It’s a simple way to visualize and take stock of what’s connected and what’s potentially vulnerable. The second thing is that companies recognize the issues but have no idea what to do about them. For us, it’s to help them remediate – which one of these things do you address? Really pinpointing and organizing priorities using the Azure platform.
Michal Kuptz – General Manager, America Device Experiences: Adding to that, from a manufacturer’s perspective, when you differentiate between industrial and consumer, there’s an inherent fear that continues to persist around connecting consumer devices. The home environment and home gateways are probably as open and transparent as any environment.
The announcement of Azure Sphere did three things. It first addressed a massive gap in the awareness around what is secure. Many companies that we met with before we announced Azure Sphere told us, “We’re secure enough.” There wasn’t a benchmark to be able to model what “secure” meant. Microsoft’s seven security properties delineate between having a secure hardware, a secure OS, and a secure software base through the Azure platform.
In terms of a holistic approach to securing devices, Microsoft is saying, “We’ll take on the operation support side of securing that device” – it is an outsource of device security. When you move that into the consumer environment, parallel to the commercial/industrial environment, it sets a whole new pattern of engagement that we’ve never had before.
The third facet says, “We’ll extend that support and we’ll be responsible for securing those devices for 13 years.”
DE: Why do you think we’re not seeing more movement towards that second phase of IoT solutions? From implementation and data collection to analysis and improvement.
MK: I’ll address it from an engagement perspective. In the Americas, I have roughly 3,100 OEMs that I’m responsible for. And of those OEMs, the primary focus is, “Do I want to be the disruptor? Or be disrupted?” Once they decide that they’re going to be the disruptor, they become the aggressor in terms of accelerating their transformation. If they’re disrupted, it’s a defend-and-protect strategy, which takes longer because they’re trying to maintain the core business and revenue streams while dabbling in this “How long can I survive?” mindset.
These engagements fall into two identity factors, the first being, is there an executive sponsor across the organization that says, “We will make this transformation happen”? You see that with companies like Johnson Controls, in trying to go to an autonomous type of device that will then auto-update based upon the environment that it’s in.

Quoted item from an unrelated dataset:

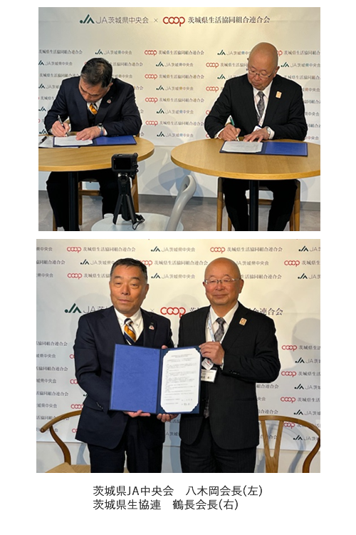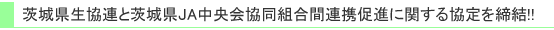 その成果として、さらに協同組合間の連携を促進し、組合員や役職員の交流機会をつくり、安心して暮らせる地域社会づくりを共に目指していくことを目的に、12月26日に県域組織である茨城県生協連と茨城県JA中央会が、協同組合間連携の促進の協定を締結しました。
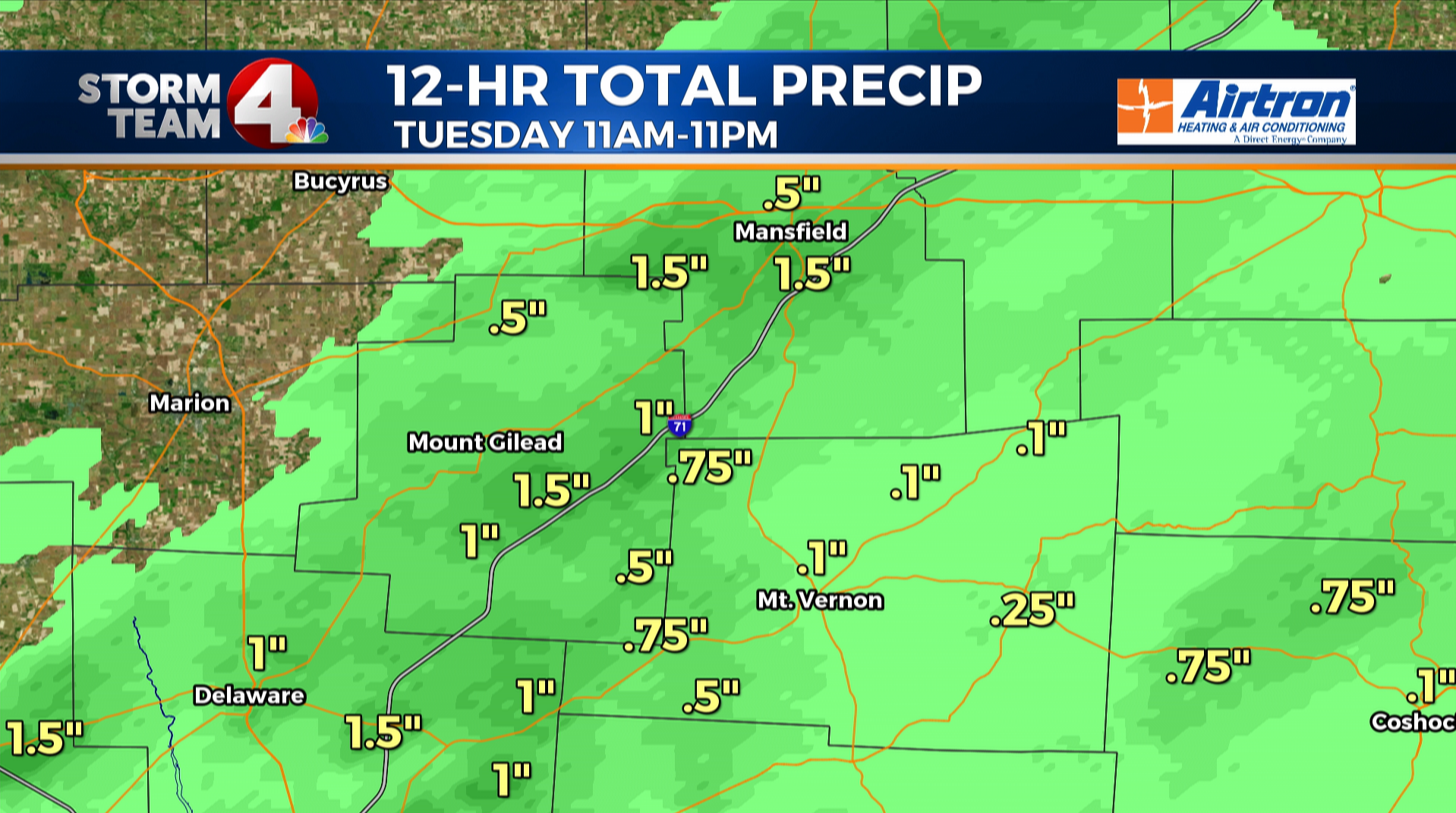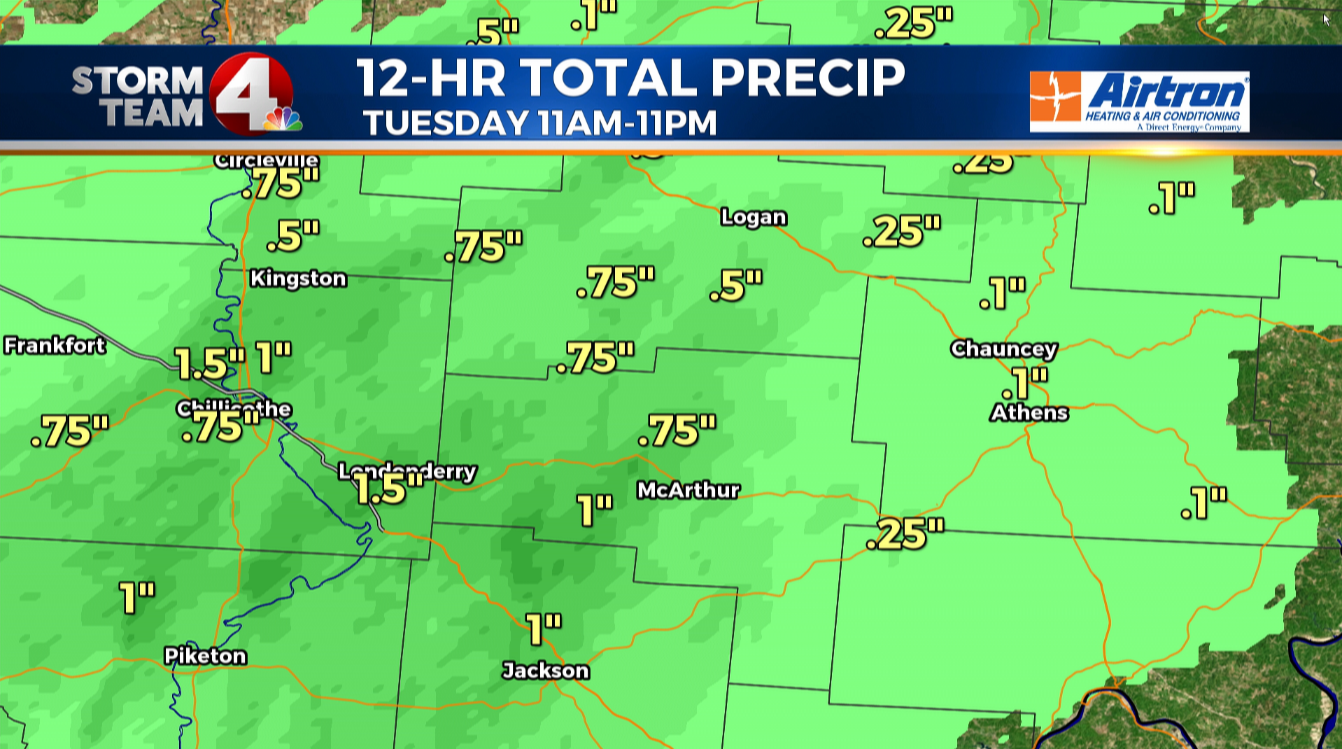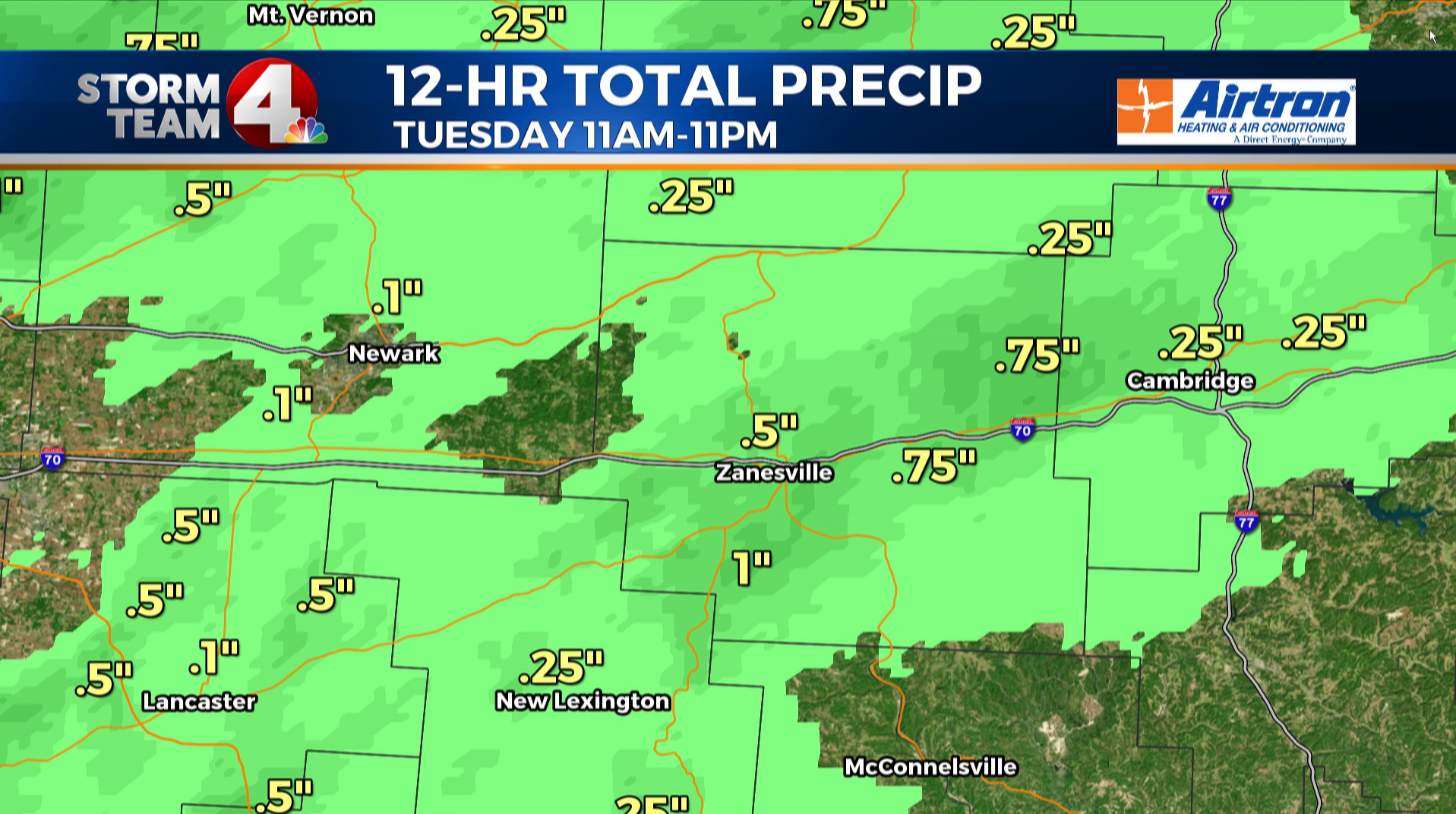 COLUMBUS (WCMH) – Round one of rainfall hit Central Ohio Tuesday late afternoon & evening. It was a welcome site for many people as rainfall is very very needed. In Columbus we are more than 3.76″ below normal for the year in the rainfall bucket.

They’re going to be the disruptor.
The disrupted then becomes, “I gotta make something, connect it and be able to compete in added value to my end customers.” The fear factor and the reason it takes longer isn’t that of technology and it isn’t because of the architecture, it’s because of the uncertainty and doubt around being all in or partially in.
KA: To [MA’s] question about what gaps Microsoft is seeing, a lot of organizations felt like this environment is not secure and they don’t want to connect OT to this network that they believe exposes them to unsavory elements. Being able to have a view of that and have the tools and environments to show them something that’s operationally sound and secure at the same time is what we’re trying to do with the Azure platform.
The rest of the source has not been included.